I find that when I am in a hurry, not allowing more space before I depart for work I find I get all the red lights, get caught up in traffic, feel the need to rush & put my foot on the pedal so as not to arrive late. I then feel annoyed because I usually arrive at work 5- 10 mins late & then for the rest of the shift I am in nervous energy & feeling racy.
However, lately I have been trying to leave home earlier and the experience is so different. I hop in my car with gentleness, my driving is more flowing and calm- I stick to the speed limit. I find I don’t get all the red lights & even if I do I am reminded to take the stop moment to feel my body and come back to me. I arrive on time. I walk in with authority and grace. I am open and cheerful; I greet everyone with an open-heart and enjoy every connection I am constellated with- there is purpose.
I love feeling the way you describe the two very different ways you can end up at work’s doorstep, Loretta, and the contradictory ways your shift unfolds as a result. Awesome.

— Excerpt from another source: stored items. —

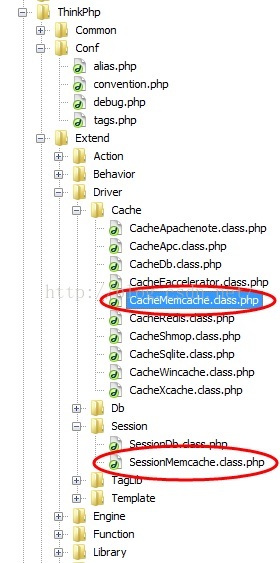 下载缓存的Memcache处理类,放到ThinkphpExtendDriverCache目录中;下载Session的Memcache处理类,放到ThinkphpExtendDriverSession目录中,如下图所示: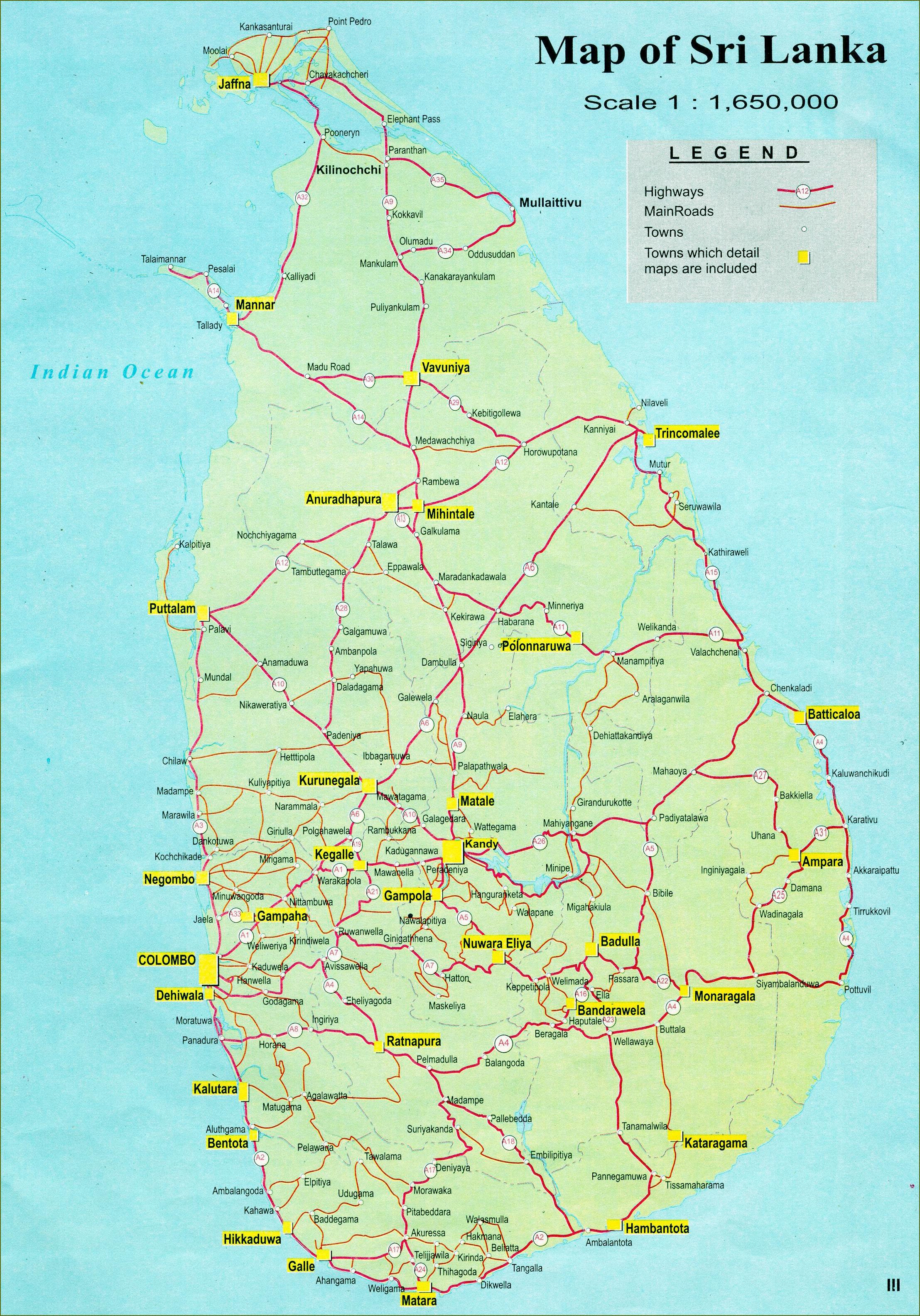 Sri Lanka rodovia mapa rodoviário. Sri Lanka mapa de rota (Sul da Ásia Ásia) para imprimir. Sri Lanka mapa de rota (Sul da Ásia Ásia) para download.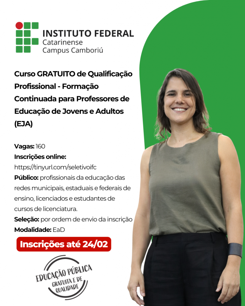 O Instituto Federal Catarinense (IFC) – Campus Camboriú está com inscrições abertas, até 24/02, para o curso de Qualificação Profissional – Formação continuada para professores de Educação de Jovens e Adultos (EJA). A formação é gratuita, ofertada na modalidade a distância (EaD), e conta com 160 vagas destinada aos profissionais da Educação das redes municipais, estaduais e federais de ensino, licenciados e estudantes de cursos de licenciatura.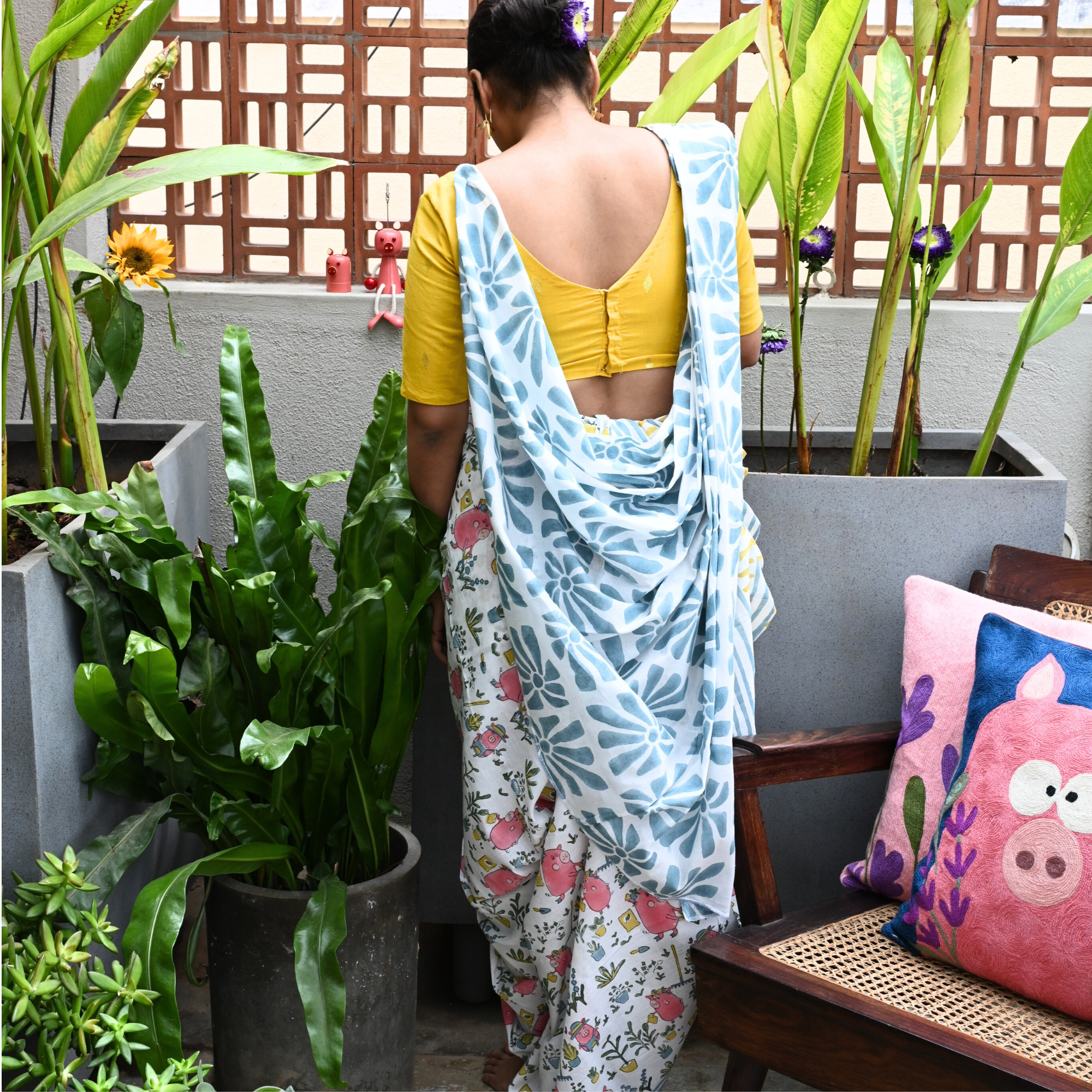 This uber soft cotton mulmul saree is a contemporary take on the traditional hand block printing craft of Mughal Block printing, Amer. These handblock prints have been custom made using azo-free dyes.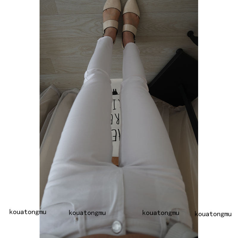 - 破洞紧身裤女 小脚裤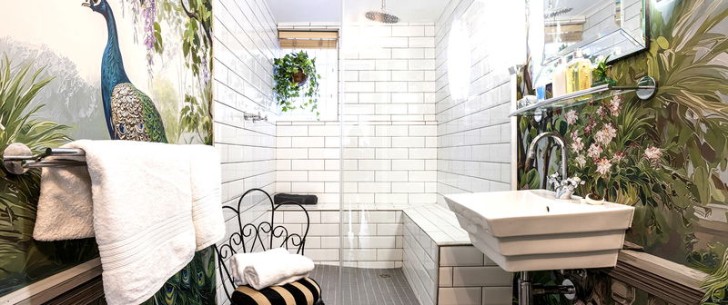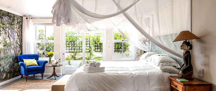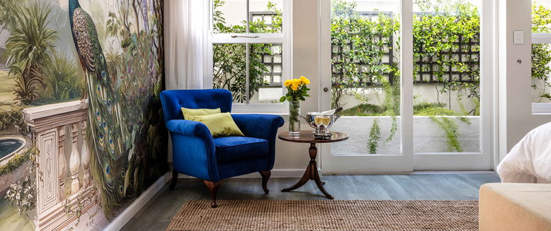 The Peacock Suite offers a romantic and intimate retreat in the heart of Cape Town’s historic Gardens neighbourhood. This beautifully styled one-bedroom suite blends heritage charm with modern comforts, featuring a graceful canopy bed, elegant peacock-and-garden wall accents, and custom wallpapers and chandeliers that pay homage to the city’s rich history. Guests can relax in a private outdoor area or enjoy the luxurious décor, sumptuous linens, air conditioning, WiFi, and daily housekeeping.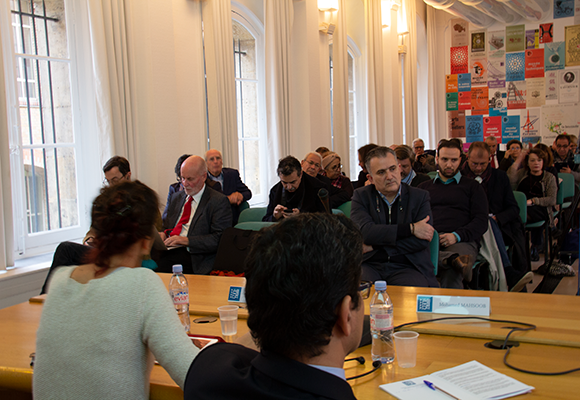 بدأت أعمال الندوة بكلمات افتتاحية ترحيبية ألقاها مدير المركز العربي في باريس، سلام كواكبي، الذي أكد أهمية هذه الندوة في هذا التوقيت حيث نحن أحوج ما نكون فيه إلى التقارب العلمي والأكاديمي بين ضفتي البحر الأبيض المتوسط، وتعريف الأوروبيين بالإنتاج العربي في مجال العلوم الإنسانية العربية والعكس.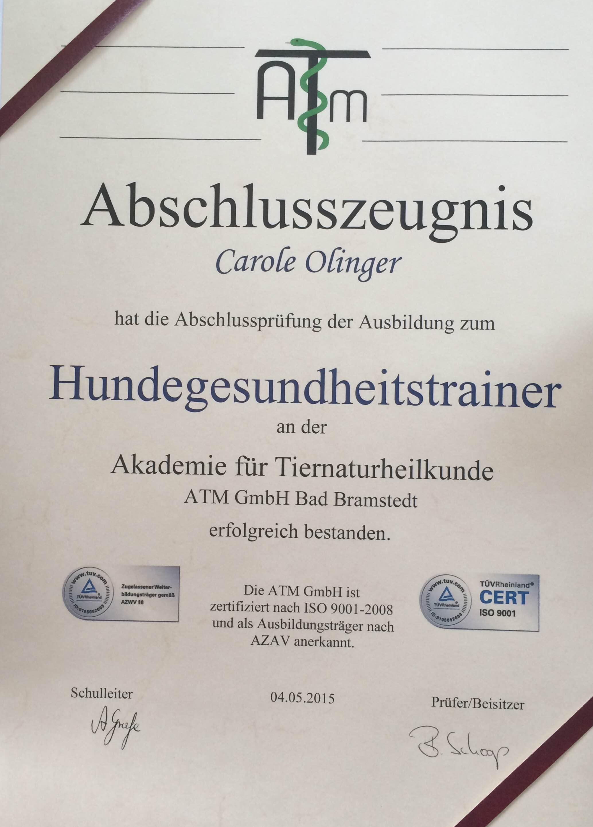 Am 4. Mai 2015 war es so weit: Prüfung zum Hundegesundheitstrainer in Bad Bramstedt.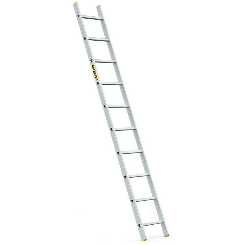 Hliníkový rebrík 1x10 priečok jednodielny DRABEST DP-10 PRO je praktický a spoľahlivý pomocník pre každodenné práce vo výškach. Vďaka svojej jednodielnej konštrukcii je vysoko stabilný a ľahko použiteľný ako prístavný alebo oporný rebrík . Jeho ľahkosť a odolnosť oceníte najmä pri jednoduchej manipulácii. Či už ho využívate v domácnosti, na záhrade alebo pri profesionálnych prácach. S dĺžkou 10 priečok poskytuje dostatočnú výšku pre širokú škálu úloh.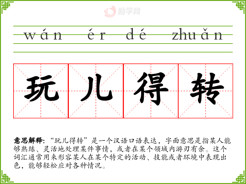 “玩儿得转”这个词汇在汉语中是一个非常生动和形象的表达,它不仅描述了某人的能力,还传达了一种积极和乐观的态度。在学*语言和表达时,掌握这样的词汇能够丰富我们的表达方式,使我们的语言更加生动和有趣。
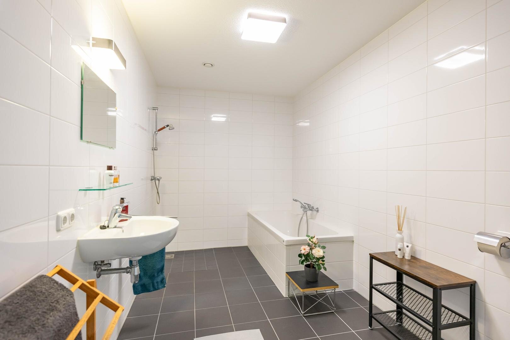 De badkamer is circa 9,4 m² groot en beschikt over een open doucheruimte, een separaat ligbad, een wastafel en een tweede toilet.In de ondergelegen parkeergarage bevindt zich een eigen parkeerplaats, zodat de auto veilig, droog en warm staat. Dat scheelt weer ruiten krabben.De VvE is actief, professioneel en gezond. De maandelijkse bijdrage bedraagt circa € 198,30 en is inclusief buitenonderhoud en parkeren* energielabel A, duurzaam, stadsverwarming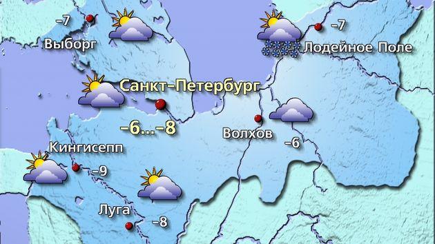 - В Санкт-Петербурге: -6…-8 °С.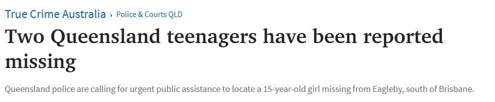 昆州东南部有两名青少年失踪,警方正在呼吁公众援助。 图文来源:couriermail 原文链接: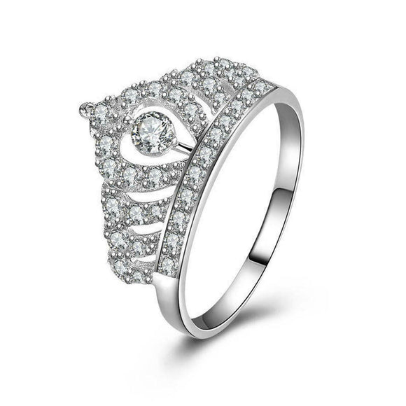 1.2ct Round Cut Diamond Princess Queen Crown Tiara Ring 14k White Gold Finish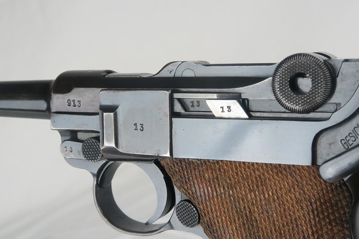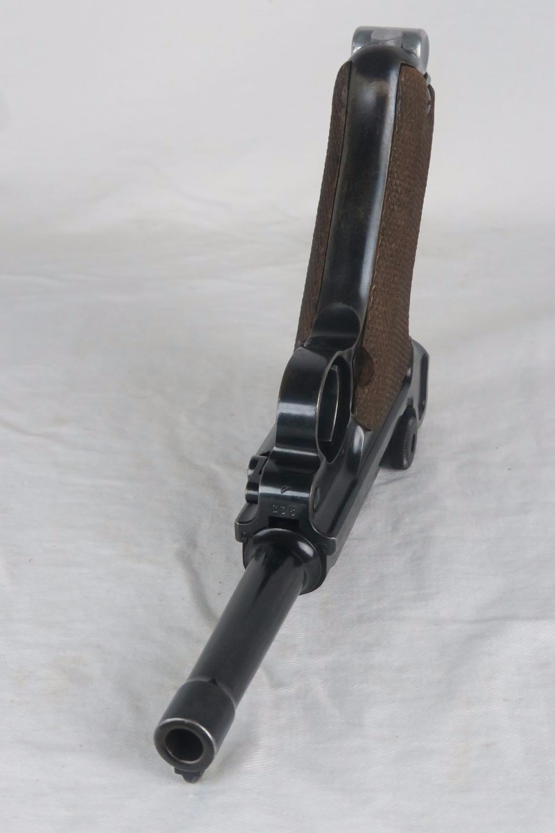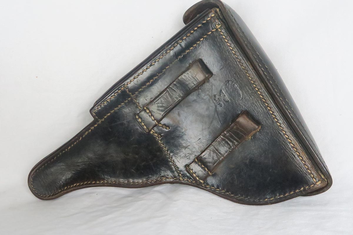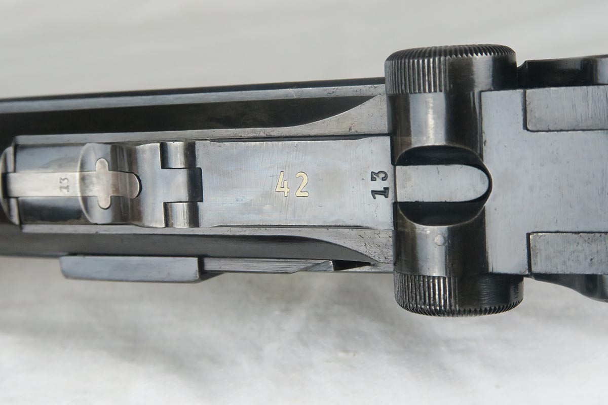 11/16/17 – The 1939 Luger was a bit unique as they made both the 42 code and S/42 codes. About 80k were made with the 42 Code. This gun is in the S suffix and has a 3 digit serial. The finish is all original and I would rate at about 92%. The only odd thing on the finish is that the ejector (on top) is unfinished but numbered to the gun. The grips are not numbered but appear to be original to the gun. All small parts have matching numbers. It comes with 2 matching mags, BUT the mags have been re-numbered. The S suffix and the eagle/63 look original, however you can see a “shadow” of a previous number on each magazine. It is mostly removed and then 913 stamped over the previous spot. Can’t say for sure when this was done. Certainly the Germans recycled magazines and could have been done by Mauser. However, it also could have been done more recently in order to boost the price. We are NOT pricing this luger as a two match mag gun. The luger also comes with a very nice 1939 dated holster. Only issue is a small hole in the front – most likely an adornment pin was removed at some point. Correct Eagle 63 tool in the pouch. Strong bore with minor frosting.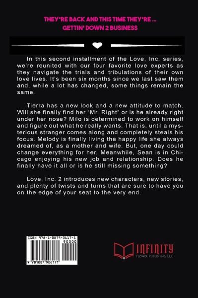 They're back and this time they're...Getting' Down 2 Business In this second installment of the Love, Inc. series, we're reunited with our four favorite love experts as they navigate the trials and tribulations of their own love lives. It's been six months since we last saw them and, while a lot has changed, some things remain the same. Tierra has a new look and a new attitude to match. Will she finally find her "Mr. Right" or is he already right under her nose? Milo is determined to work on himself and figure out what he really wants. That is, until a mysterious stranger comes along and completely steals his focus. Melody is finally living the happy life she always dreamed of, as a mother and wife. But, one day could change everything for her. Meanwhile, Sean is in Chicago enjoying his new job and relationship. Does he finally have it all or is he still missing something? Love, Inc. 2 introduces new characters, new stories, and plenty of twists and turns that are sure to have you on the edge of your seat to the very end.

Having an attitude that we need to allow all our destructive and non-loving behaviours to RIP – now that is evolution.
The racy energy we have to align to so we can drive at super fast speed instead of the speed limit sets us up to also be racy in our day.
I agree, Gill – the difference feels very obvious. Even on the few occasions when I haven’t given myself enough time and I feel myself going in to a rushing energy, I pull myself up on it and step to the side to let it pass. What giving myself plenty of time has taught me is that no other energy is worth leaving the self loving I have come to know. So those few moments I have found myself out of time as it were, I bring myself back and embrace the opportunity to stay present and stay connected to my self love. In doing so I go into observation and watch the magic happen as space unfolds before me and I move away from time and so the hold it started to have over me.
Having the commitment to respect and honour the communities we live in, is certainly a step forward in our evolution.